Write out each line of the material exactly as given, and drop the images.

*STORED DATA*.

-- Opening Marker --

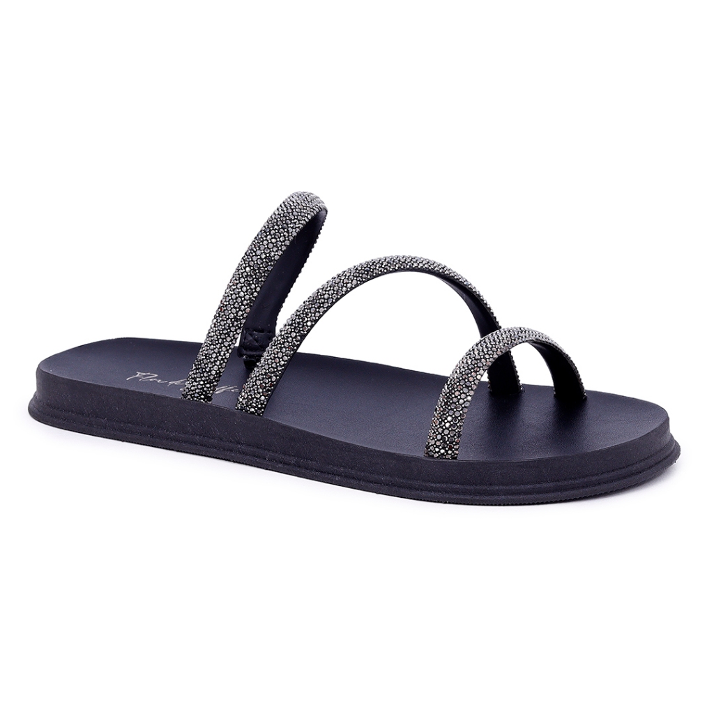 Sandália feminina rasteira Papete Birken Calce Fácil Dedinho Tiras de Strass Brilhante com regulador 2 formas de uso.
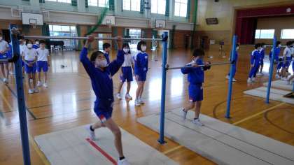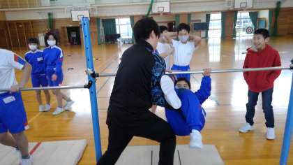 今週は体育館に鉄棒が設置されているので、体育の学習においても鉄棒運動に取り組んでいます。
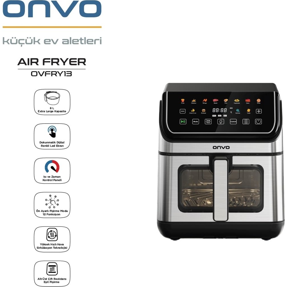 Onvo OVFRY13 8l Alt-Üst Çift Rezistanslı Seramik Kaplama Desenli Airfryer
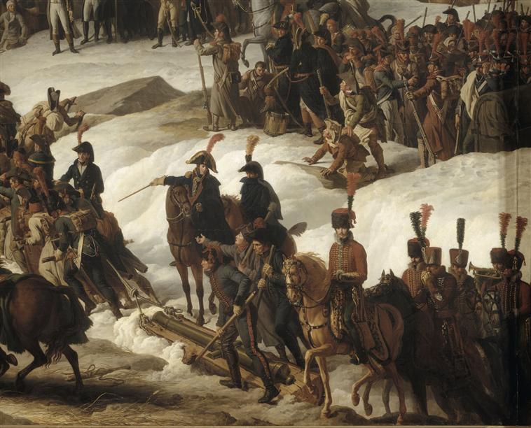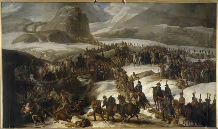 scène historique (montagne : Alpes, mouvement d'armée, Napoléon Bonaparte, état-major, Marmont Auguste Frédéric, Duroc Géraud Christophe Michel, Bessières Jean-Baptiste, Berthier Louis Alexandre, Murat Joachim, Beauharnais Eugène de)
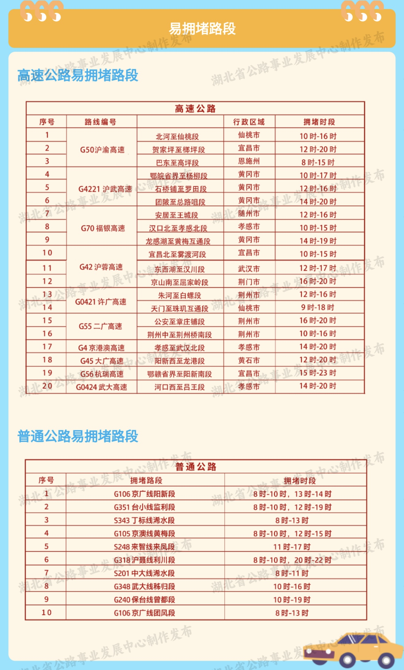 易拥堵路段:
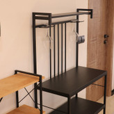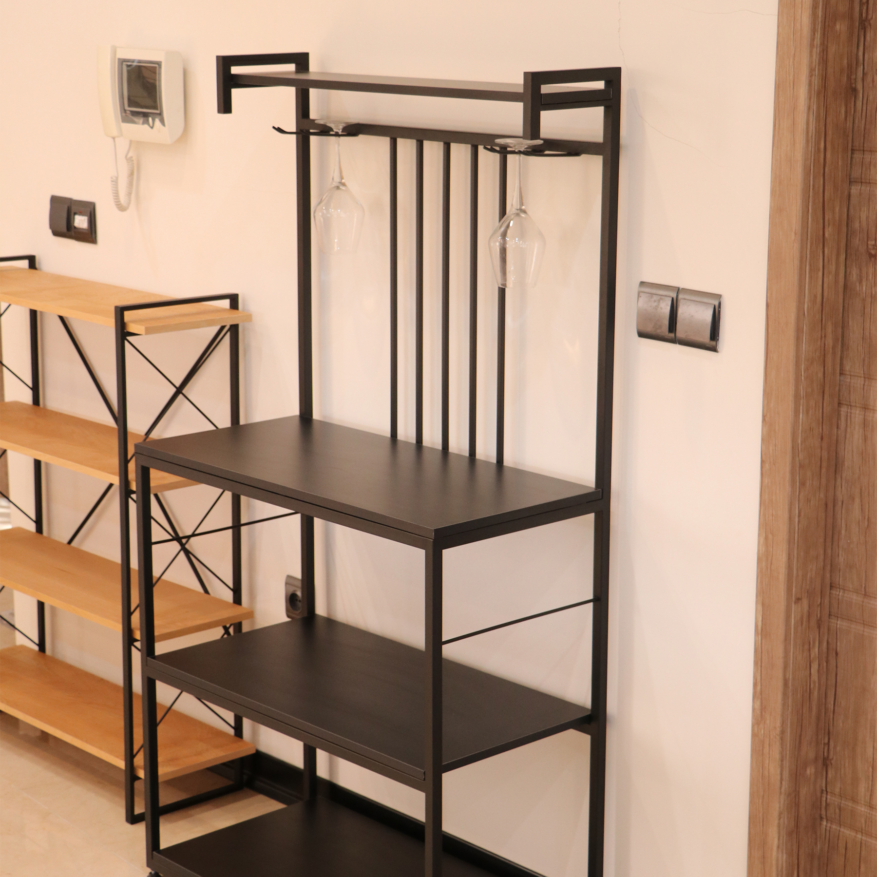 این محصول کافی بار وی ای پی ام دی دیزاینه که با ابعادی بزرگ تر و با امکانات بیشتری ساخته شده و مناسب برای کساییه که به فضای بیشتری برای قهوه ساز ها و وسایل مورد نیازشون دارن طول این کار 80 سانت و عمق این محصول 40 سانته که در ارتفاع 150 سانتی متر ساخته شده و سه طبقه مجزا در پایین کافی بار و یک نیم طبقه هم بالای محصول وجود داره و زیره اون چهر عدد جای لیوان گیلاس تعبیه شده جنس بدنه این محصول از آهن 2در2 با رنگ کوره ای استاتیک مشکی ماته که با جوش Co2 به هم متصل شده و مقاومت بسیار بالایی داره جنس صفحه ها از MDF درجه یک وارداتیه و زیر محصول چهار عدد پایه رگلاژی قابل تنظیم وجود داره که دو عدد پایه اضافه هم همراه محصول ارسال میشه تمامی عکس ها مربوط به کالای ام دی دیزاینه و همه تصاویر عکس های واقعی خود محصوله و کالای ارسالی با تصاویر هیچ تفاوتی ندارد

-- Closing Marker --

*WRITTEN SOLUTION*.
 Sandália feminina rasteira Papete Birken Calce Fácil Dedinho Tiras de Strass Brilhante com regulador 2 formas de uso.
 今週は体育館に鉄棒が設置されているので、体育の学習においても鉄棒運動に取り組んでいます。
 Onvo OVFRY13 8l Alt-Üst Çift Rezistanslı Seramik Kaplama Desenli Airfryer
 scène historique (montagne : Alpes, mouvement d'armée, Napoléon Bonaparte, état-major, Marmont Auguste Frédéric, Duroc Géraud Christophe Michel, Bessières Jean-Baptiste, Berthier Louis Alexandre, Murat Joachim, Beauharnais Eugène de)
 易拥堵路段:
 این محصول کافی بار وی ای پی ام دی دیزاینه که با ابعادی بزرگ تر و با امکانات بیشتری ساخته شده و مناسب برای کساییه که به فضای بیشتری برای قهوه ساز ها و وسایل مورد نیازشون دارن طول این کار 80 سانت و عمق این محصول 40 سانته که در ارتفاع 150 سانتی متر ساخته شده و سه طبقه مجزا در پایین کافی بار و یک نیم طبقه هم بالای محصول وجود داره و زیره اون چهر عدد جای لیوان گیلاس تعبیه شده جنس بدنه این محصول از آهن 2در2 با رنگ کوره ای استاتیک مشکی ماته که با جوش Co2 به هم متصل شده و مقاومت بسیار بالایی داره جنس صفحه ها از MDF درجه یک وارداتیه و زیر محصول چهار عدد پایه رگلاژی قابل تنظیم وجود داره که دو عدد پایه اضافه هم همراه محصول ارسال میشه تمامی عکس ها مربوط به کالای ام دی دیزاینه و همه تصاویر عکس های واقعی خود محصوله و کالای ارسالی با تصاویر هیچ تفاوتی ندارد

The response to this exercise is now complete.